Mouton reckoned Paladin could look to reducing the number of holdings in its 12-strong portfolio, concentrating on its existing larger investments and looking at deals that would materially impact earnings and underlying value. Of the smaller investments it seems unlikely building stakes in listed counters such as Top-Fix, Erbacon and IQuad is neither practical nor profitable. Unlisted ventures such as African Unity Insurance, Protea Foundry and GRW Holdings are relatively small and even with strong growth won’t register much more than a small blip on the portfolio value radar.
Mouton conceded even if some of the smaller investments doubled in size there wouldn’t be a major value proposition for shareholders. “We’ll probably look at fewer investments and concentrate on opportunities we can actively manage.” He added Paladin would seek opportunities that allowed it to secure larger stakes in companies. “We don’t want to be blocked.”
That sounded like a veiled reference to what transpired at corporate cousin Zeder, where attempts to push KWV into the Pioneer fold were blocked by minority shareholders earlier this year.
Mouton didn’t indicate how many underlying investments would be the optimum number for Paladin – although he mentioned security services and Africa opportunities are areas for future investment. However, if Paladin disposed of its “rats and mice” (which may take time in current market conditions) and stuck to a handful of big investments there might be a risk of the market preferring to buy directly into the underlying investments. Would that not mean the discount to underlying SOTP value widening markedly?
Curro is already listed, but Thembeka – which trades on an over-the-counter basis – probably won’t be considering a listing for the foreseeable future.

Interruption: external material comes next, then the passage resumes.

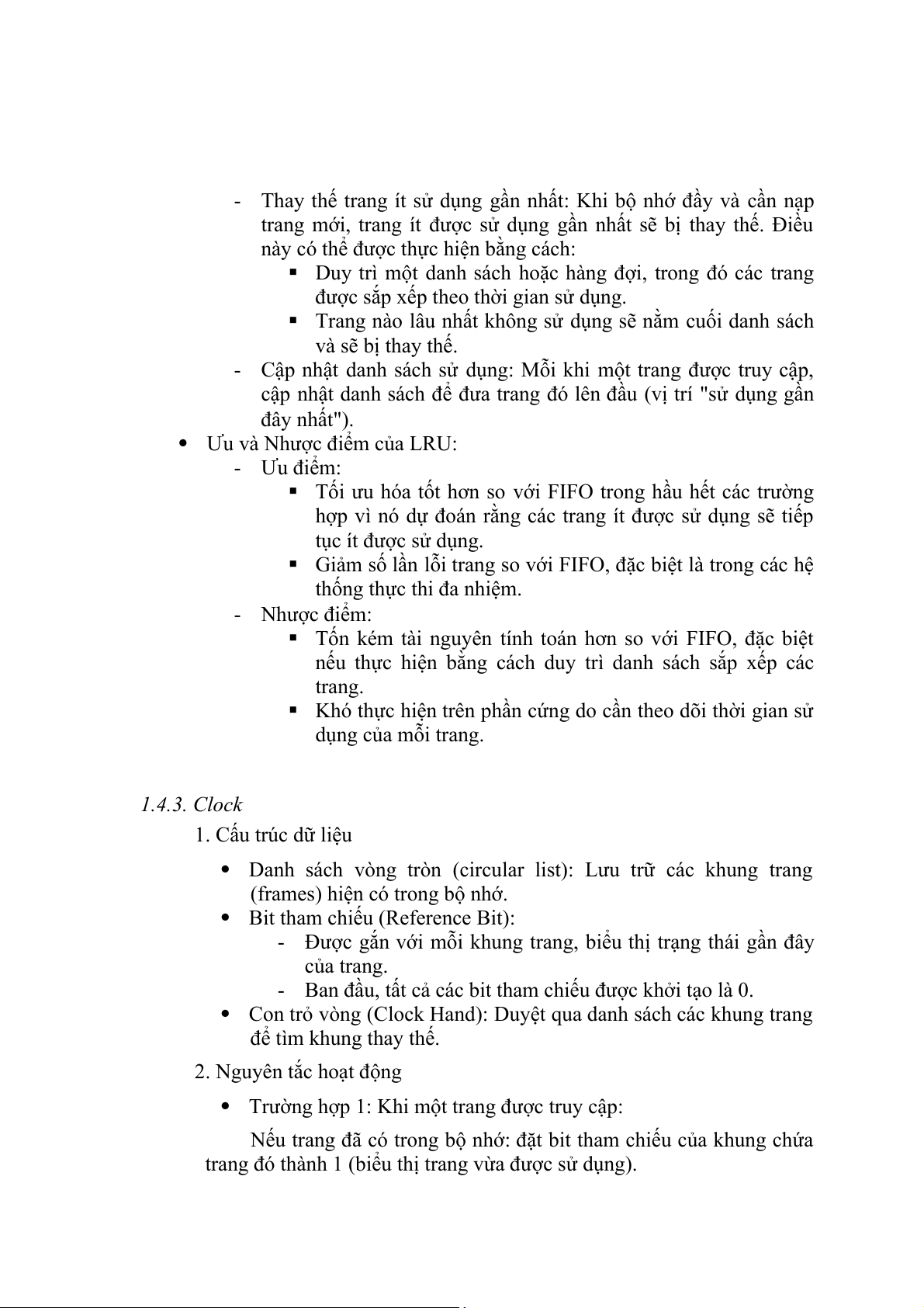 Thuật toán thay thế trang: FIFO, LRU, Clock.

Mouton explained Thembeka needs to be owned by black groups and individuals. “Following a listing we’ll lose control of the share ownership at Thembeka – hence the company will lose its black empowerment status.” Thembeka is currently worth around R1bn and has ambitions to grow into a R10bn empowerment contender. Significantly, it has the capital (both physical and intellectual) to chase down attractive empowerment deals.
But whether Thembeka (see TheSPECtacle, page 36) is driving sentiment for Paladin is debatable. Right now we’d say Curro is whipping up the froth for Paladin. Perhaps the bottom line is that unless Paladin – originally tagged as PSG’s preferred investment vehicle – can offer a compelling strategy to secure big chunky deals going forward, maybe there’s some merit in suggestions that a more narrowly focused Paladin be bundled back into PSG.